_What to work on_
Among the lines of the listing below, retype exactly those from the one containing "Säljer en vit" through the one containing "Эксклюзивное, королевское свадебное", both included. Do not include pictures.

_Supplied data_
==*==

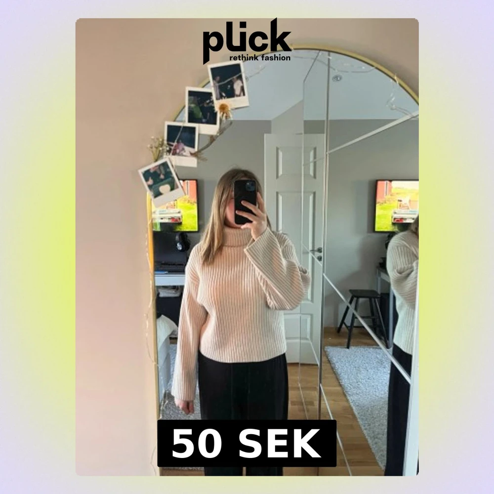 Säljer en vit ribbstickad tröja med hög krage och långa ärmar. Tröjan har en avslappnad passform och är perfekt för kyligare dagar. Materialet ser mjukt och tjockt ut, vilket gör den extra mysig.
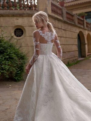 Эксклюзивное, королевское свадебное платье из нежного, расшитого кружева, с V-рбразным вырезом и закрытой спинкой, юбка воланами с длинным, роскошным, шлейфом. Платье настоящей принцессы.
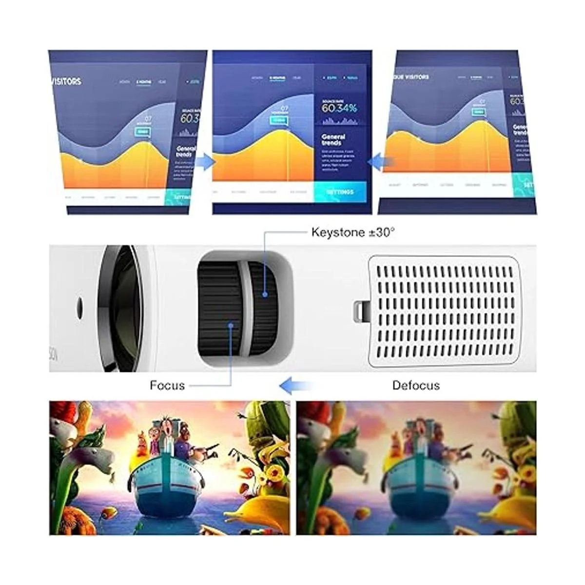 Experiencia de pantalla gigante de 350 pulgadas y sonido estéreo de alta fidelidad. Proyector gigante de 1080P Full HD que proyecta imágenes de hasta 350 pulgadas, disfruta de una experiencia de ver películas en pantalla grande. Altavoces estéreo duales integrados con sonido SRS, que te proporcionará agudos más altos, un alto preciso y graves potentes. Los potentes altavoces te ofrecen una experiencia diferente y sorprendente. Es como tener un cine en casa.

==*==

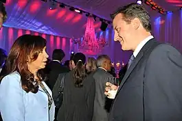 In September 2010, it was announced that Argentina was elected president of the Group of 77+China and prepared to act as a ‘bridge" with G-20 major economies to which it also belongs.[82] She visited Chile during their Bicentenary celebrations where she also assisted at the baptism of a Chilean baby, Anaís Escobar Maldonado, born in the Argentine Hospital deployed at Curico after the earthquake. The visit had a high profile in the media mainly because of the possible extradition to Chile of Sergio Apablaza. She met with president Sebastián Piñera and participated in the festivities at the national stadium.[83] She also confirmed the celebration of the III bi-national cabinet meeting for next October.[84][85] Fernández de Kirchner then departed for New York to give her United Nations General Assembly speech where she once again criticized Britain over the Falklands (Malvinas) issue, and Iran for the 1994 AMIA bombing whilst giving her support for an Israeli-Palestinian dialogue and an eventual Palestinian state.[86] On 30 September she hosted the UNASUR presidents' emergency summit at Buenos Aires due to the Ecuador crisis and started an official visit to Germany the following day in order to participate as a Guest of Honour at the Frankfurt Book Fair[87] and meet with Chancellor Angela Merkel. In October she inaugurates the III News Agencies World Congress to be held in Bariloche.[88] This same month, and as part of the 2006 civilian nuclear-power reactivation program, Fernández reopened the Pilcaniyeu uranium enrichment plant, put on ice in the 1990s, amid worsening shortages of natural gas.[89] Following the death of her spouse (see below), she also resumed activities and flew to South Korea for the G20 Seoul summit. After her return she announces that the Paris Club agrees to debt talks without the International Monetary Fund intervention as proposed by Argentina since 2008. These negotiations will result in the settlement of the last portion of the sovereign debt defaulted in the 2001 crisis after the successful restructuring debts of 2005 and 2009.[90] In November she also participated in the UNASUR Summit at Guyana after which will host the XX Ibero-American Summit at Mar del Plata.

==*==

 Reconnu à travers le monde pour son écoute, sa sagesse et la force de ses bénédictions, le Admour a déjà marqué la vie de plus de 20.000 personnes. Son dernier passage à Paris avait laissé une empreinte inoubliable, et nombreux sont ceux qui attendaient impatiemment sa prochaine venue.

==*==

_Output for this exercise_
 Säljer en vit ribbstickad tröja med hög krage och långa ärmar. Tröjan har en avslappnad passform och är perfekt för kyligare dagar. Materialet ser mjukt och tjockt ut, vilket gör den extra mysig.
 Эксклюзивное, королевское свадебное платье из нежного, расшитого кружева, с V-рбразным вырезом и закрытой спинкой, юбка воланами с длинным, роскошным, шлейфом. Платье настоящей принцессы.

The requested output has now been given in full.